(Records shown Opens)

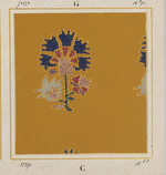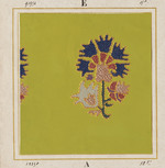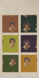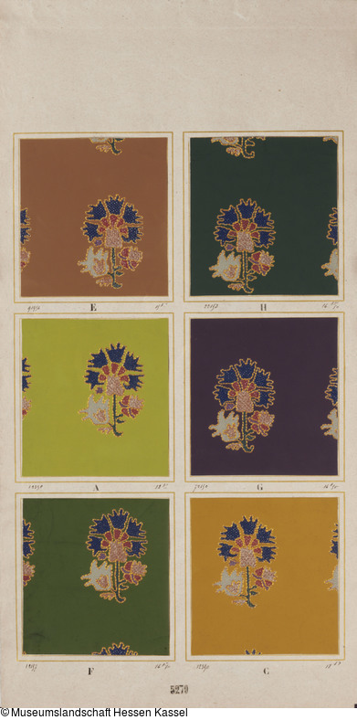 Bezeichnung: Papiertapete mit Imitation einer Applikationsstickerei mit Laméfäden, Musterblatt mit sechs Farbstellungen
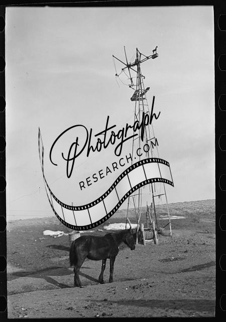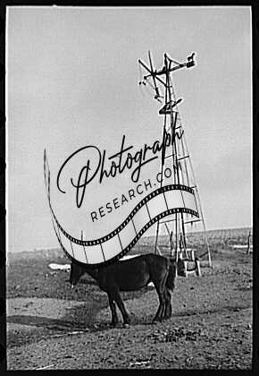 Blind horse,broken windmill on Glen Cook's farm near Smithland,Iowa,IA,FSA,1
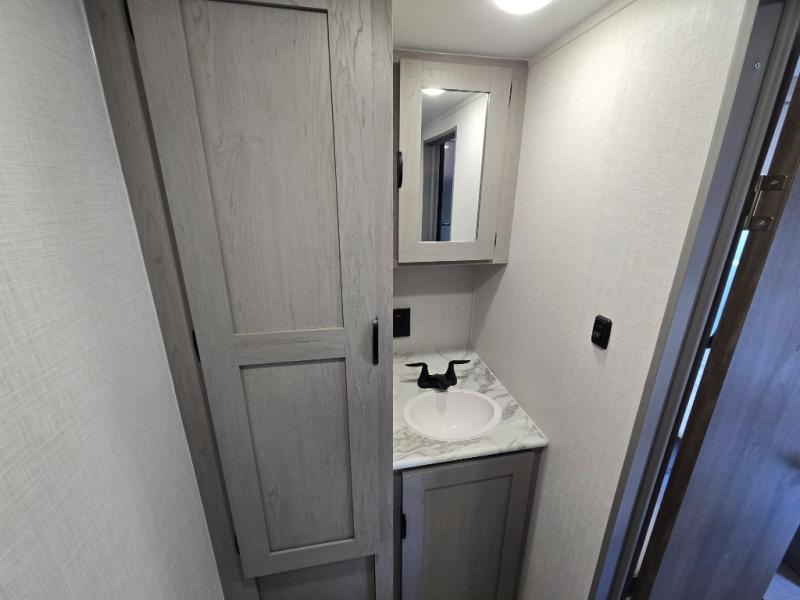 Enjoy every camping experience in this Clipper 3K Series trailer featuring a full rear bath including a 24" x 36" shower, toilet, and sink with overhead linen cabinet. The queen bed up front will offer you a great night's sleep, and you will find ample storage for clothing in the bedside wardrobes, nightstands, and overhead shelf. Meals can easily be prepared using the cooktop, refrigerator and sink, and the booth dinette is a great place to enjoy your meals inside, or maybe you'd enjoy dining outside under the 12' patio awning.
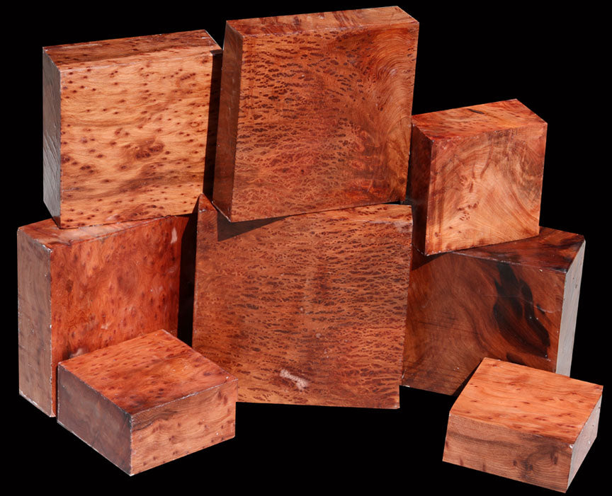 Redwoods are the tallest living trees that have ever been on planet earth! Coastal Redwoods (Sequoia sempervirens) are the tallest trees, but their cousins, the giant Sequoia (Sequoia gigantium) take the record for the largest living tree in the World. In the mid 1800's logging operations commenced in the forests where these beautiful trees grow, leaving behind a path of stumps and logs that were deemed unusable. Today, stumps and logs less than 16 ft. long are being extracted from these areas. Most of this salvaged wood still produces solid wood that has been aged and slowly dried over a hundred or more years. Our Redwood is all salvaged. Redwood is suitable for large tables, bar tops, mantles, cabinets, Guitar tops, and turnings. Figured boards are sometimes available with flame, fiddleback, or burl eyes which can produce beautiful bass or electric guitars or other high end projects.
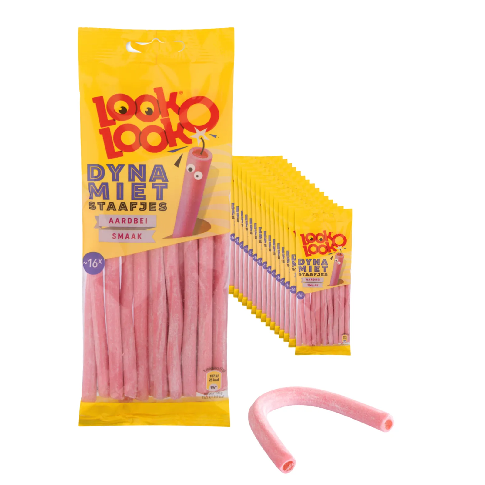 De Look-O-Look Dynamietstaafjes Aardbei – 15 x 110 g zijn zachte zoete snoepstaafjes met een herkenbare aardbeiensmaak. De staafjes hebben een soepele bite en zijn kleurrijk vormgegeven, wat ze populair maakt bij zowel kinderen als volwassenen. Dankzij de losse staafjes zijn ze ideaal voor traktaties, snoeptafels, feestjes of verkoop per stuk. Look-O-Look staat bekend om speels snoep met een opvallend uiterlijk en toegankelijke smaken, en deze aardbeistaafjes passen daar perfect bij. Met deze voordeelverpakking van 15 zakken heb je altijd voldoende voorraad voor elk zoet moment.
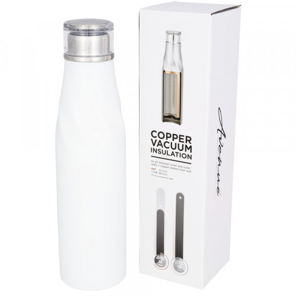Das Design verfügt über eine automatische Versiegelungsmethode, für ein einfaches Öffnen und ein angenehmeres Trinkerlebnis. Eine breite Öffnung zum bequemen Befüllen und Ausgießen. Die robuste, doppelwandige Vakuumkonstruktion aus Edelstahl mit Kupferisolierung ermöglicht es, dass Ihr Getränk 12 Stunden lang heiß und 48 Stunden lang kalt bleibt. Mit einem selbstversiegelnden und auslaufsicheren Deckel. Das Fassungsvermögen beträgt 650ml. Präsentiert in einer Avenue Geschenkschachtel.
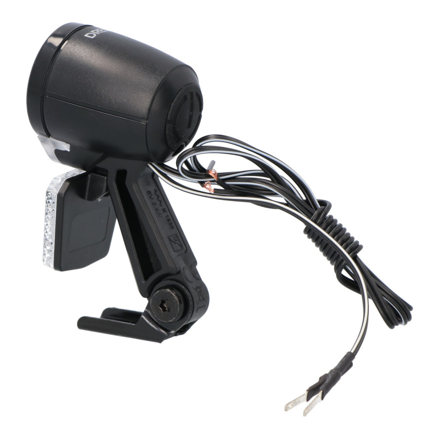 El faro Dresco Urban para bicicleta eléctrica es un faro pequeño y compacto alimentado por dinamo con un solo LED blanco superbrillante y una luz diurna automática con dos LED blancos. El faro Dresco Urban tiene una potencia luminosa de 40 lux/80 lúmenes y un reflector. Se puede conectar a cualquier fuente de alimentación de 6 voltios, lo que lo hace ideal para bicicletas eléctricas.
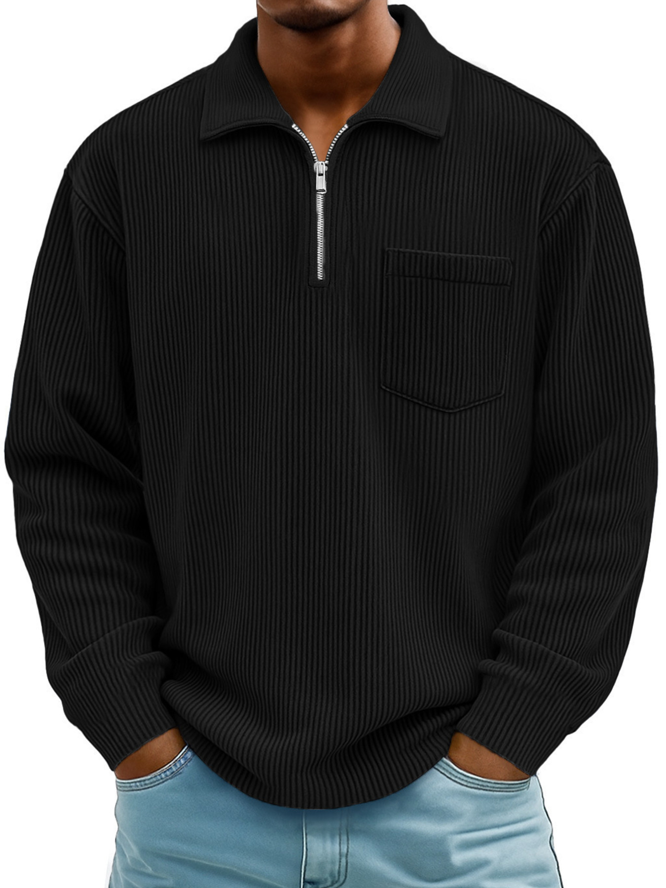 Men's Full Size Corduroy Half Zip Casual Top Plus Size
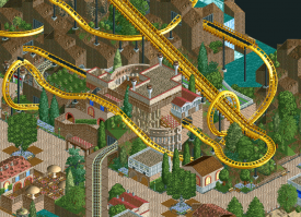 I feel like in this screen you put experimenting ahead of creating a pretty scene. Architecture is too incohesive, and the landscaping looks a bit underdeveloped. That coaster queue has potential but it needs something. The screen needs something, to tie it all together.
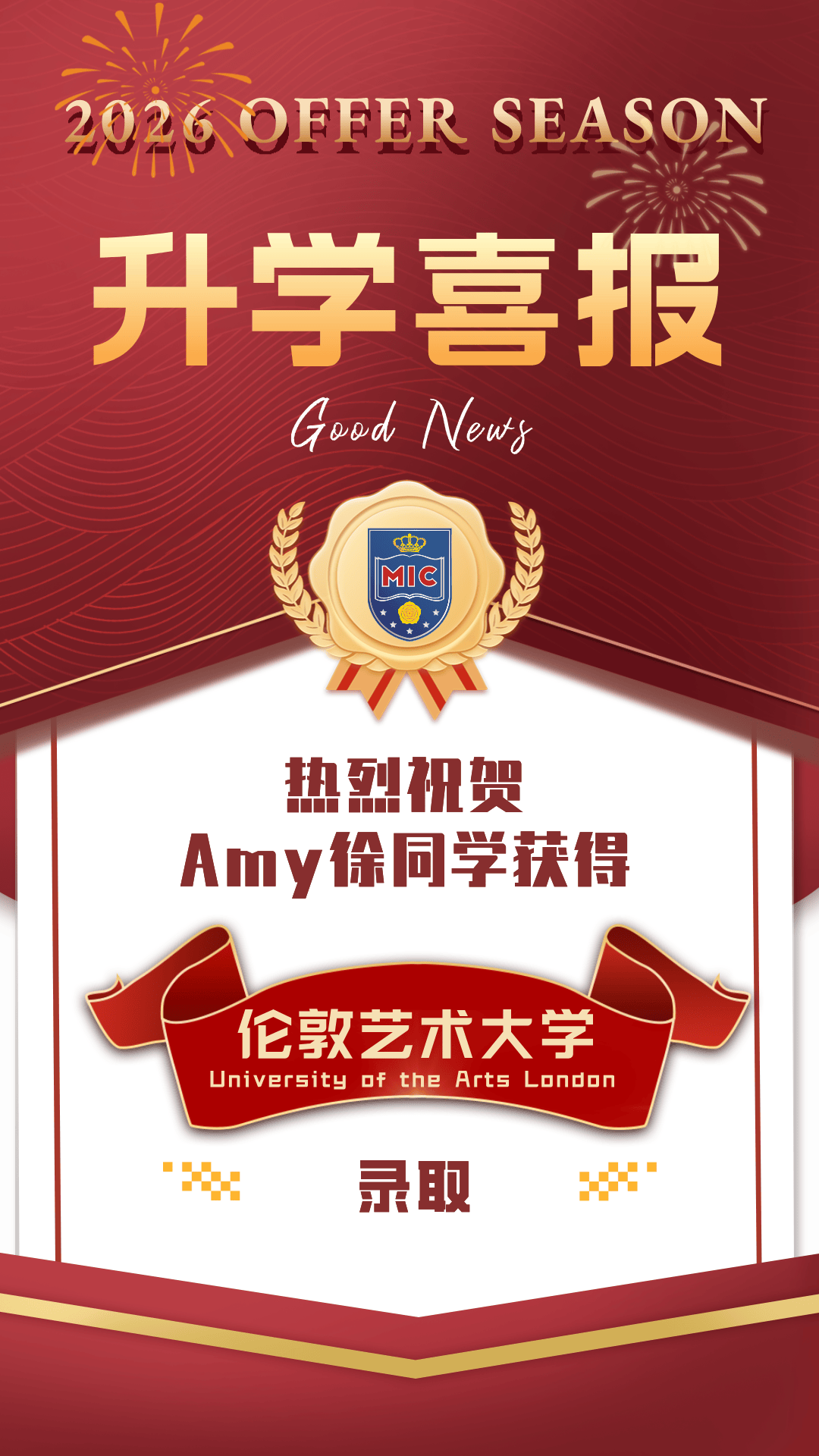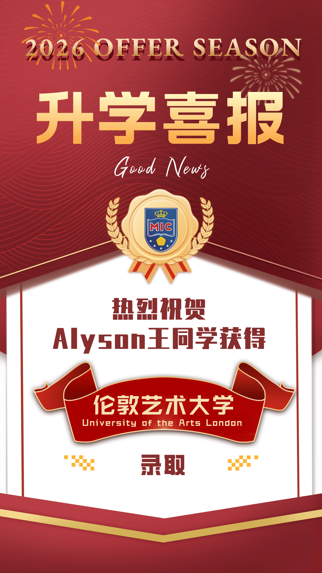 Alyson王与Amy徐同学双双喜获世界顶级艺术学府——伦敦艺术大学(UAL)的青睐!

(Records shown Closes)

§ **Exercise goal**
Give back all of the data exactly, but not the pictures.

§ **Reply**
 Bezeichnung: Papiertapete mit Imitation einer Applikationsstickerei mit Laméfäden, Musterblatt mit sechs Farbstellungen
 Blind horse,broken windmill on Glen Cook's farm near Smithland,Iowa,IA,FSA,1
 Enjoy every camping experience in this Clipper 3K Series trailer featuring a full rear bath including a 24" x 36" shower, toilet, and sink with overhead linen cabinet. The queen bed up front will offer you a great night's sleep, and you will find ample storage for clothing in the bedside wardrobes, nightstands, and overhead shelf. Meals can easily be prepared using the cooktop, refrigerator and sink, and the booth dinette is a great place to enjoy your meals inside, or maybe you'd enjoy dining outside under the 12' patio awning.
 Redwoods are the tallest living trees that have ever been on planet earth! Coastal Redwoods (Sequoia sempervirens) are the tallest trees, but their cousins, the giant Sequoia (Sequoia gigantium) take the record for the largest living tree in the World. In the mid 1800's logging operations commenced in the forests where these beautiful trees grow, leaving behind a path of stumps and logs that were deemed unusable. Today, stumps and logs less than 16 ft. long are being extracted from these areas. Most of this salvaged wood still produces solid wood that has been aged and slowly dried over a hundred or more years. Our Redwood is all salvaged. Redwood is suitable for large tables, bar tops, mantles, cabinets, Guitar tops, and turnings. Figured boards are sometimes available with flame, fiddleback, or burl eyes which can produce beautiful bass or electric guitars or other high end projects.
 De Look-O-Look Dynamietstaafjes Aardbei – 15 x 110 g zijn zachte zoete snoepstaafjes met een herkenbare aardbeiensmaak. De staafjes hebben een soepele bite en zijn kleurrijk vormgegeven, wat ze populair maakt bij zowel kinderen als volwassenen. Dankzij de losse staafjes zijn ze ideaal voor traktaties, snoeptafels, feestjes of verkoop per stuk. Look-O-Look staat bekend om speels snoep met een opvallend uiterlijk en toegankelijke smaken, en deze aardbeistaafjes passen daar perfect bij. Met deze voordeelverpakking van 15 zakken heb je altijd voldoende voorraad voor elk zoet moment.
Das Design verfügt über eine automatische Versiegelungsmethode, für ein einfaches Öffnen und ein angenehmeres Trinkerlebnis. Eine breite Öffnung zum bequemen Befüllen und Ausgießen. Die robuste, doppelwandige Vakuumkonstruktion aus Edelstahl mit Kupferisolierung ermöglicht es, dass Ihr Getränk 12 Stunden lang heiß und 48 Stunden lang kalt bleibt. Mit einem selbstversiegelnden und auslaufsicheren Deckel. Das Fassungsvermögen beträgt 650ml. Präsentiert in einer Avenue Geschenkschachtel.
 El faro Dresco Urban para bicicleta eléctrica es un faro pequeño y compacto alimentado por dinamo con un solo LED blanco superbrillante y una luz diurna automática con dos LED blancos. El faro Dresco Urban tiene una potencia luminosa de 40 lux/80 lúmenes y un reflector. Se puede conectar a cualquier fuente de alimentación de 6 voltios, lo que lo hace ideal para bicicletas eléctricas.
 Men's Full Size Corduroy Half Zip Casual Top Plus Size
 I feel like in this screen you put experimenting ahead of creating a pretty scene. Architecture is too incohesive, and the landscaping looks a bit underdeveloped. That coaster queue has potential but it needs something. The screen needs something, to tie it all together.
 Alyson王与Amy徐同学双双喜获世界顶级艺术学府——伦敦艺术大学(UAL)的青睐!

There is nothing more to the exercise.